19 盛りバナ
そしてそれからも、私なりの異世界乙女暮らし。
乙女の敵を成敗しちゃったり、
乙女のお悩みを解決しちゃったり、
乙女なデートを満喫しちゃったり。
不肖秘崎萌乃果、割とイケてる乙女しちゃっております。
ただひとつだけ気がかりなこと。
みんなが頑張っているセミナー講師としてのお仕事が、
なぜか私には来ないのです。
「そんなの当然ですって、モノカ」
なんでなのさ、ネルコ。
「『武神』で『特使勇者』で、それに今は『特攻勇者』なんですよ」
「そんな盛り過ぎ乙女なんて、気軽に講師として呼べませんって」
街で会った人たちは、結構気軽に話しかけてきてくれるんだけどな。
「噂や評判じゃなくて直接モノカと向き合えば、全然盛ってないって一目瞭然なんですよ」
そうだよねって、どこ見て言ってるのさ、ネルコッ。
「いつでもいつまでも、安心と信頼のモノカクオリティな乙女プレイス、ですよっ」
なんだよぅ、私だってまだ成長をあきらめたわけじゃないんだぜっ。
きっといつかは揺れっぷりだけで周囲のまなざし独り占めな盛りガールしちゃうんだからなっ。
「お互い虚しくなっちゃうので、話題を逸らしちゃっていいですかっ」
逸らしたって問題は解決しないけど、
『イケてる感じで前を向いて進んでさえいれば、問題を置き去りにして少しでも先に行けてるんです』
って、イヴさんも言ってたっけ。
「その通り!」
「って言うか、早いとこイヴさんを採寸したいんですけどっ」
えーと、外交問題になっちゃうから、くれぐれも慎重にね。
「なんか私たちの周りってやたらとやんごとなき御身分の方々が多くて、快適な採寸活動に支障が生じちゃってるんですよね」
それはどうでもいいけど、シナギさんの平穏な生活に支障が生じちゃってるのが心配だよ。
「ひどいですよモノカ、あのファッションモデル体型とグラビアアイドル体型のいいとこ取りしちゃってるイヴさんのナイスバディ、採寸したいとは思いませんかっ」
なんだよぅそれ、イヴさんの方がよっぽど盛り過ぎ乙女じゃん。
「とりあえず、フィアンセのいるリア充乙女は愚痴もおのろけも禁止、ですからねっ」
そんなこと言ってると、アランさんの目の前でその眼鏡外しちゃうからな。
「人を生け贄扱いしないでくださいよぅ」
生け贄扱いはいけねえ、なんちゃって。
てな感じの呑気乙女しちゃうほどの平穏な毎日。
まさに『異世界とっても良いところ』なのです。
乙女暮らしを覗いてみれば
華も嵐もてんこ盛り
あっちを見れば名峰双丘
こっちを見れば大平野
それがどうした成長期
ひがみは禁物そねみはお荷物
どうせだったら前を見て
陰気蹴散らし槍乙女
不肖秘崎萌乃果
たまにはこっそり
ぴかり変身特攻勇者
「お母さんっ、大変だよっ」
どしたマクラッ、
さては『召喚魔王アライヤン』復活のお知らせ!
「えーとお母さん、これ見てっ」
なにかな、そのチラシ。
『速報! あの舞台版特攻勇者ノノカ エルサニア文化会館で公演決定!』
なにそれっ、聞いてないよっ!
あとがき
リヴァイスという世界は、ひとりの少年がプレイしている仮想現実ゲームです。
彼は長い時間この世界を旅するうちに『鏡の賢者』と呼ばれる存在になりました。
お供のメイドさんは『伝説のメイド』と呼ばれております。
ここで暮らしている人々はいわゆるAIですが、それなりに大変なこの世界を楽しく生きているみたいです。

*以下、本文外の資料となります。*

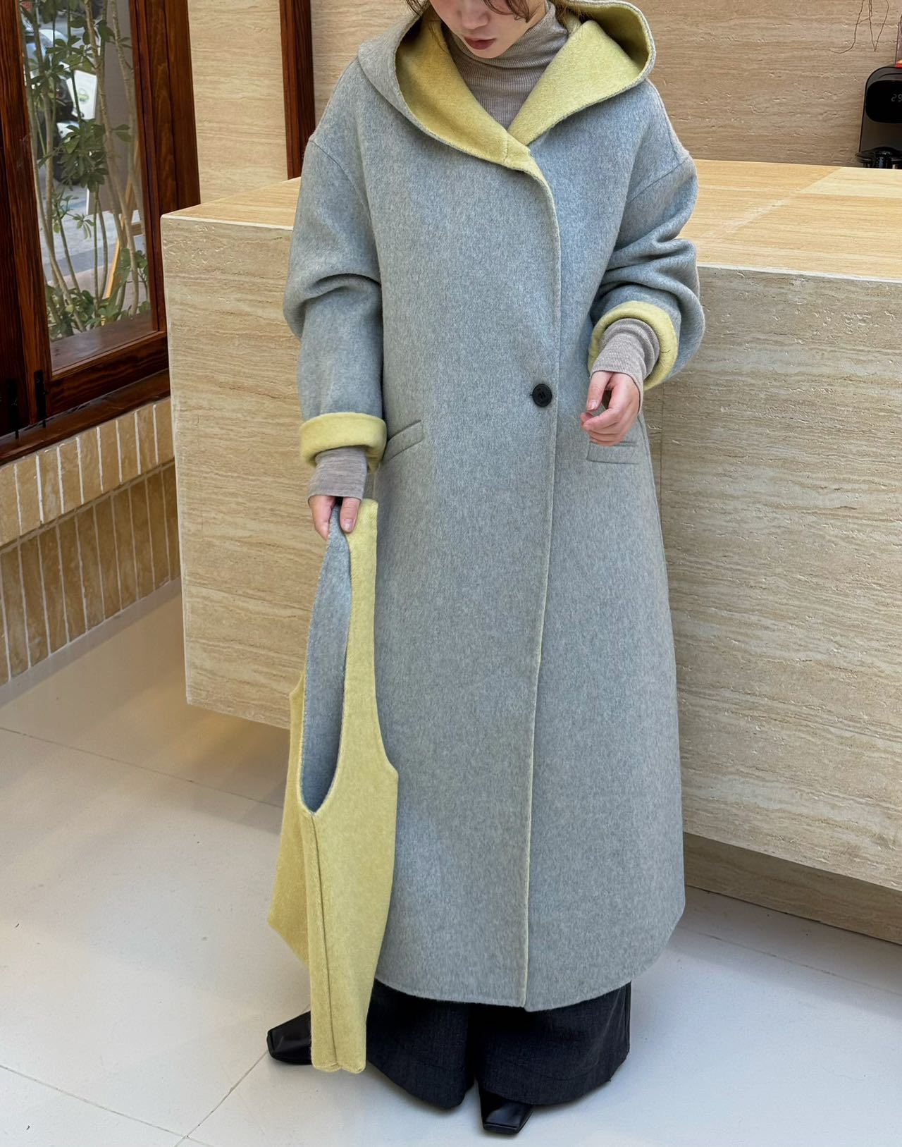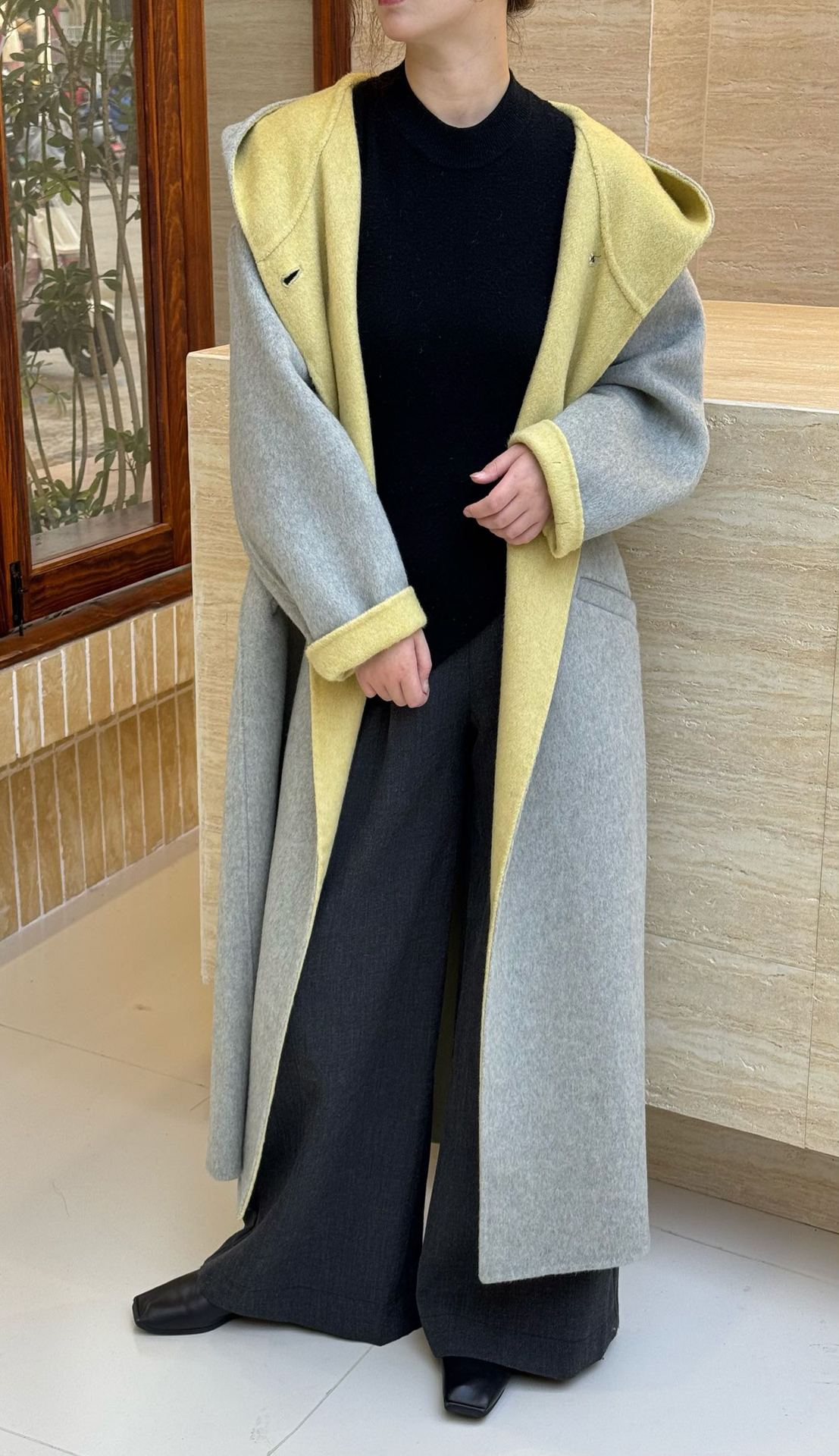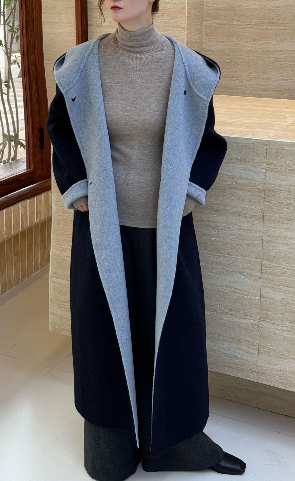 Nuevo Estilo Coreano Temperamento Sencillo Versátil Bata con Capucha de Dos Colores Estilo Moda de Alta Gama Abrigo de Lana de Doble Vista Exterior Mujer
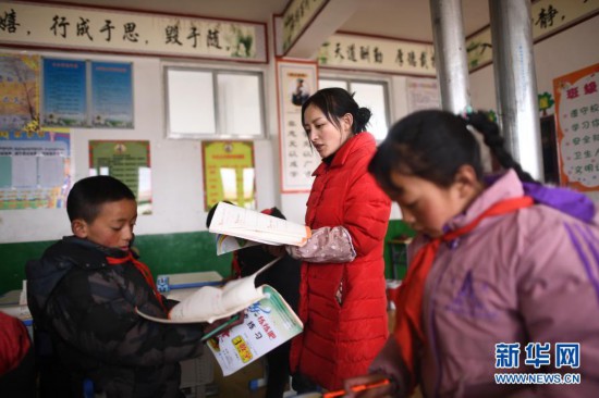 3月16日,索加鄉寄宿小學數學老師卓瑪才吉(左二)在課后輔導學生功課。新華社記者 駱曉飛 攝

リヴァイスの物語は、そういう人々のあれやこれやを短編として紹介するものとなりそうです。
iPadのメモ帳につらつら溜め込んでいたショートストーリーや小ネタをひとつの世界にまとめようとしたら、こういう設定になりました。
整合性や何やらいろいろアレですが、お話しがまとまり次第投稿したいと思っております。
楽しんでいただけたら幸いです。